— What you will do —
Write out every line below that includes the word "between".

+---+

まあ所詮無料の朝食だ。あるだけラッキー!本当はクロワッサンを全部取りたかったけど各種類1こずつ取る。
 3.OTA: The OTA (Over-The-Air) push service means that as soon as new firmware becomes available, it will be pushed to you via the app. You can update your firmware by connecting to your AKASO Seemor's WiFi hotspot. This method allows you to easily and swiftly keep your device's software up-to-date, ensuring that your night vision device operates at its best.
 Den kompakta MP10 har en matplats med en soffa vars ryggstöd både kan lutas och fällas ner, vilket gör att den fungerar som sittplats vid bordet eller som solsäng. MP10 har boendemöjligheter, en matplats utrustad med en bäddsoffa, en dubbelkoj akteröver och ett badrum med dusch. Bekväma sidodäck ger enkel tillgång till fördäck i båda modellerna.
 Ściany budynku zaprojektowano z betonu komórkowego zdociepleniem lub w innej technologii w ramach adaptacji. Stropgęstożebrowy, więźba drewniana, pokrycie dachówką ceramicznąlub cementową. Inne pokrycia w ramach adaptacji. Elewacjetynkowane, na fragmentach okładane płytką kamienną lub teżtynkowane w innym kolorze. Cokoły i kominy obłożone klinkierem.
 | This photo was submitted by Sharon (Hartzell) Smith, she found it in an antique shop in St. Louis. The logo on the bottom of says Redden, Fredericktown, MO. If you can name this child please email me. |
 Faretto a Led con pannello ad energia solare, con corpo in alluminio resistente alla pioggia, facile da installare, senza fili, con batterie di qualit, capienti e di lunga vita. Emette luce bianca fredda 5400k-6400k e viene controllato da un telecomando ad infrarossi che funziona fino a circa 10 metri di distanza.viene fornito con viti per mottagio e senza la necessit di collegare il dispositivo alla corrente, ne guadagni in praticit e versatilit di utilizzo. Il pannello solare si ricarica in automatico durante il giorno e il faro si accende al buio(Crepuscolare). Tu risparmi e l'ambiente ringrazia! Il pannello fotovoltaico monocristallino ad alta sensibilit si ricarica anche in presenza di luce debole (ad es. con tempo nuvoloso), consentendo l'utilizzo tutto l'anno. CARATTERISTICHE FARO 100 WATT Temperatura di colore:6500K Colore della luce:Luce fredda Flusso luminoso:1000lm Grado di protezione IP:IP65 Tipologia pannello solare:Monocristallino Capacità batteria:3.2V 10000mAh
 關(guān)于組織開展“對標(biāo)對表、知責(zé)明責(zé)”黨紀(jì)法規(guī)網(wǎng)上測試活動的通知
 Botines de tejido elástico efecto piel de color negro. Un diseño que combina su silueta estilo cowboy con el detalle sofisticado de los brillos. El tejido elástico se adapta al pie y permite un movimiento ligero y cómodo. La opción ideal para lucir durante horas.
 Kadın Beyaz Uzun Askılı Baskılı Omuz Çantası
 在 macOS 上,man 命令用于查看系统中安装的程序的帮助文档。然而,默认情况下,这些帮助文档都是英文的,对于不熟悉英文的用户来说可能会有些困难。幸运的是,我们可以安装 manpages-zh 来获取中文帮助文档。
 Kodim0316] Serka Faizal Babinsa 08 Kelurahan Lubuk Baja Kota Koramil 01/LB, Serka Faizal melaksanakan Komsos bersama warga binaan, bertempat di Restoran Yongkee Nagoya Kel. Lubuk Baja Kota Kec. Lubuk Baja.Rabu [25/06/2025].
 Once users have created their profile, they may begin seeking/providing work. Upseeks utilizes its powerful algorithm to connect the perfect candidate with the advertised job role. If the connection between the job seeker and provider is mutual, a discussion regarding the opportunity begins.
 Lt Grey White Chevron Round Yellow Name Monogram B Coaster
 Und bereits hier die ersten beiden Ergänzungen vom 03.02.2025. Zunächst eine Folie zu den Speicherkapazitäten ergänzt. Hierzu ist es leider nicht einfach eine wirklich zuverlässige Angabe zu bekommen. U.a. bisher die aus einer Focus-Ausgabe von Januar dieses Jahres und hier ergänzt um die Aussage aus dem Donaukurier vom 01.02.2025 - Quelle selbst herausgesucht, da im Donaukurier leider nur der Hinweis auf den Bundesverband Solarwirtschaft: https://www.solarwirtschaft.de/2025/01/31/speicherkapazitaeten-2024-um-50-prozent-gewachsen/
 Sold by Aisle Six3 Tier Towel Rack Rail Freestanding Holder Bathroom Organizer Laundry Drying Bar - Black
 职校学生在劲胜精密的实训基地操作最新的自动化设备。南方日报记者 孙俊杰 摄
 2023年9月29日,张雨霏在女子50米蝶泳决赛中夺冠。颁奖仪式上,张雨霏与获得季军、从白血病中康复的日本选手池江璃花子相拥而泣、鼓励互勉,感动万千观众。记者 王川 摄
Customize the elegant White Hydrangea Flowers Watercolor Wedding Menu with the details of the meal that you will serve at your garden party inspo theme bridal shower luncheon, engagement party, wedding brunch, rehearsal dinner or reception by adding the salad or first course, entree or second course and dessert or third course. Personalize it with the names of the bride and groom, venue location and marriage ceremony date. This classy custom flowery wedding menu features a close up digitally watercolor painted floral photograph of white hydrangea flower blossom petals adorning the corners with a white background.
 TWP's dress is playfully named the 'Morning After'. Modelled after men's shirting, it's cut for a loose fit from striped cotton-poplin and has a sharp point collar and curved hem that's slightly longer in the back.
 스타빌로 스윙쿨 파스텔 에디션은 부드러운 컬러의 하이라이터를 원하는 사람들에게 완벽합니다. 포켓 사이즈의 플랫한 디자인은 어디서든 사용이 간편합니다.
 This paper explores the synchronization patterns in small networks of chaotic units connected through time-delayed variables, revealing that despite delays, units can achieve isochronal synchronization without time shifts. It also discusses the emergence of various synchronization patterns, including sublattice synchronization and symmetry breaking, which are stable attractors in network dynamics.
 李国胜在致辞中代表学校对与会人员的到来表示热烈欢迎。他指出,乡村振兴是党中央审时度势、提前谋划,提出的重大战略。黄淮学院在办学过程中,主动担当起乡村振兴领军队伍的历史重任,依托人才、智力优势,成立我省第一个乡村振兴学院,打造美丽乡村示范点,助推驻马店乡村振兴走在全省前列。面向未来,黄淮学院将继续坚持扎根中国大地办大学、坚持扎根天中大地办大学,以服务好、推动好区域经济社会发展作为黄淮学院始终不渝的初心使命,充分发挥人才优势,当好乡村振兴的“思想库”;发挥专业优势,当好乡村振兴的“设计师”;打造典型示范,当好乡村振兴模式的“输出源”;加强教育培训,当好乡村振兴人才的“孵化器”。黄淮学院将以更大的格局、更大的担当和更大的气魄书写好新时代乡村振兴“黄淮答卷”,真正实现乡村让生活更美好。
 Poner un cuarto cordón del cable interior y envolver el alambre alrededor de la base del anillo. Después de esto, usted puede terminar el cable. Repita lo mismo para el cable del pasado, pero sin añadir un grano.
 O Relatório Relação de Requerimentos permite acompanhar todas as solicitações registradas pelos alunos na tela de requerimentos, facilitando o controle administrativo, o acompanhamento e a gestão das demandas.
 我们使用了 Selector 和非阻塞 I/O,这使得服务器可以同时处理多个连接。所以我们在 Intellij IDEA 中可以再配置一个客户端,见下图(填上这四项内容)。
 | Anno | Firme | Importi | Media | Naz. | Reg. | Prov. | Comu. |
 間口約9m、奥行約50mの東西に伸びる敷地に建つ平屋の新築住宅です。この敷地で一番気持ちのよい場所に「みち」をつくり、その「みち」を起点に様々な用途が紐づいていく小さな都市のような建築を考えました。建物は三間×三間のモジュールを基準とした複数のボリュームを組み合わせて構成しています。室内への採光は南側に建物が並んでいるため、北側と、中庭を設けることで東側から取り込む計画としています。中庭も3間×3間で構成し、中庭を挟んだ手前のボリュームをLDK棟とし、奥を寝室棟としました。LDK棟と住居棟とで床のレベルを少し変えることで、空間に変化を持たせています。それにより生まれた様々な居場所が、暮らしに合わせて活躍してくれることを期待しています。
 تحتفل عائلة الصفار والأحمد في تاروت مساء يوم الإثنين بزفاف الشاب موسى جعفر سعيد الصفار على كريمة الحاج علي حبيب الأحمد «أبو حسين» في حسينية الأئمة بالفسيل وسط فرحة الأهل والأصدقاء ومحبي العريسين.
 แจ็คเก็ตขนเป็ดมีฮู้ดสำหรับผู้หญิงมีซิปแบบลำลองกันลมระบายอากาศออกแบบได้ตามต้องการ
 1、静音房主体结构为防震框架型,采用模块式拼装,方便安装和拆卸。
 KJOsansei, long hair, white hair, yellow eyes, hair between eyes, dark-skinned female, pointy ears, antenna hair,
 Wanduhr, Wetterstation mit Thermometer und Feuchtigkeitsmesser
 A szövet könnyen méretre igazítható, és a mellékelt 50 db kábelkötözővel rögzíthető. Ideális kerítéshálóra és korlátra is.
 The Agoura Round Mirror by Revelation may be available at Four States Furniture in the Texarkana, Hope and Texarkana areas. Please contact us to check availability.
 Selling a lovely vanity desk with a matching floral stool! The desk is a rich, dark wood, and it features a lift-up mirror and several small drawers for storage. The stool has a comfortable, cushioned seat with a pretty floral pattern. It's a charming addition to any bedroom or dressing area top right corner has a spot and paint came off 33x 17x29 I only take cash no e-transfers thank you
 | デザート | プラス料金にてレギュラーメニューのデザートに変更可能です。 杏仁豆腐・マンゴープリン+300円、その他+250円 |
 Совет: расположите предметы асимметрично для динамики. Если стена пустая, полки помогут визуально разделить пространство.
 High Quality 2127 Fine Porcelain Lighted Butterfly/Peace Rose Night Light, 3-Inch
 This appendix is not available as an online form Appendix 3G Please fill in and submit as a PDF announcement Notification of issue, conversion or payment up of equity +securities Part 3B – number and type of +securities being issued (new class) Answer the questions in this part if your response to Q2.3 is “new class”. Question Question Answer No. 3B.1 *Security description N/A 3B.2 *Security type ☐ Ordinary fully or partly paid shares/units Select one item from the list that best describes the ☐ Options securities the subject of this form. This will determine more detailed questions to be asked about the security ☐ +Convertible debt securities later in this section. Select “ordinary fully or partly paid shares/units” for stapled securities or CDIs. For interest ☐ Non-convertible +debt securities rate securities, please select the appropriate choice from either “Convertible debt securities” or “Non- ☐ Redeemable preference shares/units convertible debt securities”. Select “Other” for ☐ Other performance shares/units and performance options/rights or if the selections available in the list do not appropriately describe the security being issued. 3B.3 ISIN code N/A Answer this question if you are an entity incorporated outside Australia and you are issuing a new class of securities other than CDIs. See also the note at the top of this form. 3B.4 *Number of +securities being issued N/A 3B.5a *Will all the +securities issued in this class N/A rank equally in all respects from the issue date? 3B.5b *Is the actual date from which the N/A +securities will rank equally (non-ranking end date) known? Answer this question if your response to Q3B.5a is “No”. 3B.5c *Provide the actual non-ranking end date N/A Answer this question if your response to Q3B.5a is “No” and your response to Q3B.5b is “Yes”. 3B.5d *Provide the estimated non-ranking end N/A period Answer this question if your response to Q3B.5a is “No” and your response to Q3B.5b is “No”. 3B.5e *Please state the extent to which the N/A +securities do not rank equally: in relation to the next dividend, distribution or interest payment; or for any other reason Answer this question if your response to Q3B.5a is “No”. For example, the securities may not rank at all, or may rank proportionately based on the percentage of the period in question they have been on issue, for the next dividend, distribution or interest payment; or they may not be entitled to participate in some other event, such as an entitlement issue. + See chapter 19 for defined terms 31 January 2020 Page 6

+---+

— Task answer —
 Once users have created their profile, they may begin seeking/providing work. Upseeks utilizes its powerful algorithm to connect the perfect candidate with the advertised job role. If the connection between the job seeker and provider is mutual, a discussion regarding the opportunity begins.
 KJOsansei, long hair, white hair, yellow eyes, hair between eyes, dark-skinned female, pointy ears, antenna hair,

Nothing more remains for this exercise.